Data excerpt
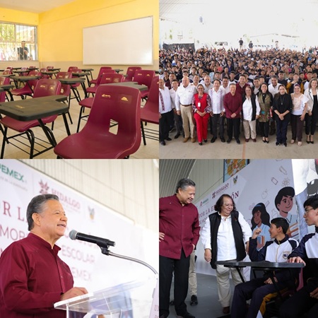 Con el firme propósito de fortalecer la infraestructura educativa en la entidad, el gobernador de Hidalgo, Julio Menchaca Salazar, recibió por parte de Petróleos Mexicanos (Pemex) un donativo de 200 paquetes de mobiliario escolar, que forma parte de los esfuerzos de colaboración entre la empresa productiva y el Despacho del Gobernador.
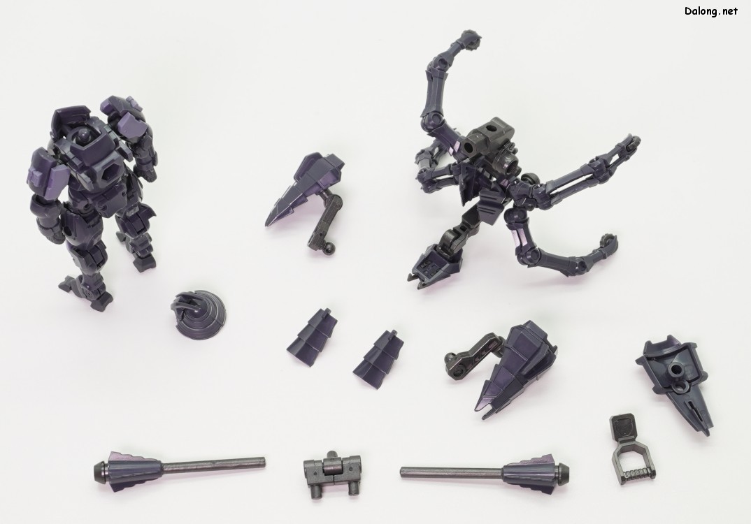 머리를 제외한 본체 자체는 원본 킷과 같은 구조라서, 여전히 우수한 가동성과 관절강도를 보여주고 있는데요. 등에는 거미를 연상시키는 백팩과 여러가지 병장들이 추가되었습니다. 무장으로는 전곤과 실드가 새롭게 추가되었으며, 병장을 분리하여 재조합하면 거미형 얼터너티브를 구현할 수 있는데요. 이 경우 본체의 머리까지 거미형 얼터너티브에 장착되기 때문에, 본체는 머리없는 유령(...)이 되긴 합니다.
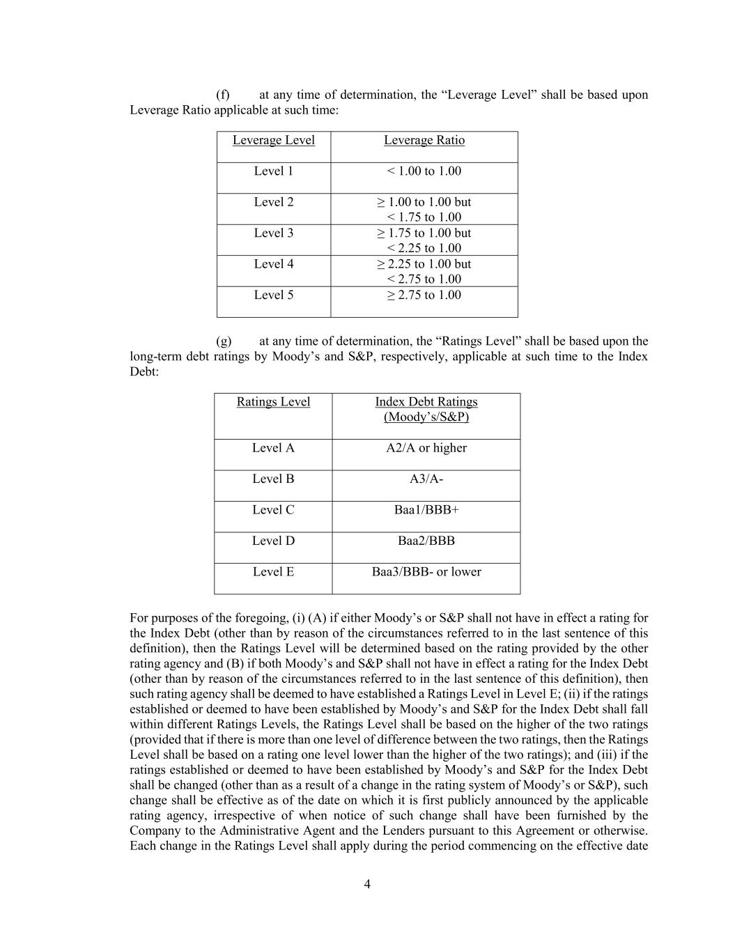 4 (f) at any time of determination, the “Leverage Level” shall be based upon Leverage Ratio applicable at such time: Leverage Level Leverage Ratio Level 1 < 1.00 to 1.00 Level 2 ≥ 1.00 to 1.00 but < 1.75 to 1.00 Level 3 ≥ 1.75 to 1.00 but < 2.25 to 1.00 Level 4 ≥ 2.25 to 1.00 but < 2.75 to 1.00 Level 5 ≥ 2.75 to 1.00 (g) at any time of determination, the “Ratings Level” shall be based upon the long-term debt ratings by Moody’s and S&P, respectively, applicable at such time to the Index Debt: Ratings Level Index Debt Ratings (Moody’s/S&P) Level A A2/A or higher Level B A3/A- Level C Baa1/BBB+ Level D Baa2/BBB Level E Baa3/BBB- or lower For purposes of the foregoing, (i) (A) if either Moody’s or S&P shall not have in effect a rating for the Index Debt (other than by reason of the circumstances referred to in the last sentence of this definition), then the Ratings Level will be determined based on the rating provided by the other rating agency and (B) if both Moody’s and S&P shall not have in effect a rating for the Index Debt (other than by reason of the circumstances referred to in the last sentence of this definition), then such rating agency shall be deemed to have established a Ratings Level in Level E; (ii) if the ratings established or deemed to have been established by Moody’s and S&P for the Index Debt shall fall within different Ratings Levels, the Ratings Level shall be based on the higher of the two ratings (provided that if there is more than one level of difference between the two ratings, then the Ratings Level shall be based on a rating one level lower than the higher of the two ratings); and (iii) if the ratings established or deemed to have been established by Moody’s and S&P for the Index Debt shall be changed (other than as a result of a change in the rating system of Moody’s or S&P), such change shall be effective as of the date on which it is first publicly announced by the applicable rating agency, irrespective of when notice of such change shall have been furnished by the Company to the Administrative Agent and the Lenders pursuant to this Agreement or otherwise. Each change in the Ratings Level shall apply during the period commencing on the effective date

Task objective
In transcribing the lines above, omit the images and keep all else exact.

Output below
 Con el firme propósito de fortalecer la infraestructura educativa en la entidad, el gobernador de Hidalgo, Julio Menchaca Salazar, recibió por parte de Petróleos Mexicanos (Pemex) un donativo de 200 paquetes de mobiliario escolar, que forma parte de los esfuerzos de colaboración entre la empresa productiva y el Despacho del Gobernador.
 머리를 제외한 본체 자체는 원본 킷과 같은 구조라서, 여전히 우수한 가동성과 관절강도를 보여주고 있는데요. 등에는 거미를 연상시키는 백팩과 여러가지 병장들이 추가되었습니다. 무장으로는 전곤과 실드가 새롭게 추가되었으며, 병장을 분리하여 재조합하면 거미형 얼터너티브를 구현할 수 있는데요. 이 경우 본체의 머리까지 거미형 얼터너티브에 장착되기 때문에, 본체는 머리없는 유령(...)이 되긴 합니다.
 4 (f) at any time of determination, the “Leverage Level” shall be based upon Leverage Ratio applicable at such time: Leverage Level Leverage Ratio Level 1 < 1.00 to 1.00 Level 2 ≥ 1.00 to 1.00 but < 1.75 to 1.00 Level 3 ≥ 1.75 to 1.00 but < 2.25 to 1.00 Level 4 ≥ 2.25 to 1.00 but < 2.75 to 1.00 Level 5 ≥ 2.75 to 1.00 (g) at any time of determination, the “Ratings Level” shall be based upon the long-term debt ratings by Moody’s and S&P, respectively, applicable at such time to the Index Debt: Ratings Level Index Debt Ratings (Moody’s/S&P) Level A A2/A or higher Level B A3/A- Level C Baa1/BBB+ Level D Baa2/BBB Level E Baa3/BBB- or lower For purposes of the foregoing, (i) (A) if either Moody’s or S&P shall not have in effect a rating for the Index Debt (other than by reason of the circumstances referred to in the last sentence of this definition), then the Ratings Level will be determined based on the rating provided by the other rating agency and (B) if both Moody’s and S&P shall not have in effect a rating for the Index Debt (other than by reason of the circumstances referred to in the last sentence of this definition), then such rating agency shall be deemed to have established a Ratings Level in Level E; (ii) if the ratings established or deemed to have been established by Moody’s and S&P for the Index Debt shall fall within different Ratings Levels, the Ratings Level shall be based on the higher of the two ratings (provided that if there is more than one level of difference between the two ratings, then the Ratings Level shall be based on a rating one level lower than the higher of the two ratings); and (iii) if the ratings established or deemed to have been established by Moody’s and S&P for the Index Debt shall be changed (other than as a result of a change in the rating system of Moody’s or S&P), such change shall be effective as of the date on which it is first publicly announced by the applicable rating agency, irrespective of when notice of such change shall have been furnished by the Company to the Administrative Agent and the Lenders pursuant to this Agreement or otherwise. Each change in the Ratings Level shall apply during the period commencing on the effective date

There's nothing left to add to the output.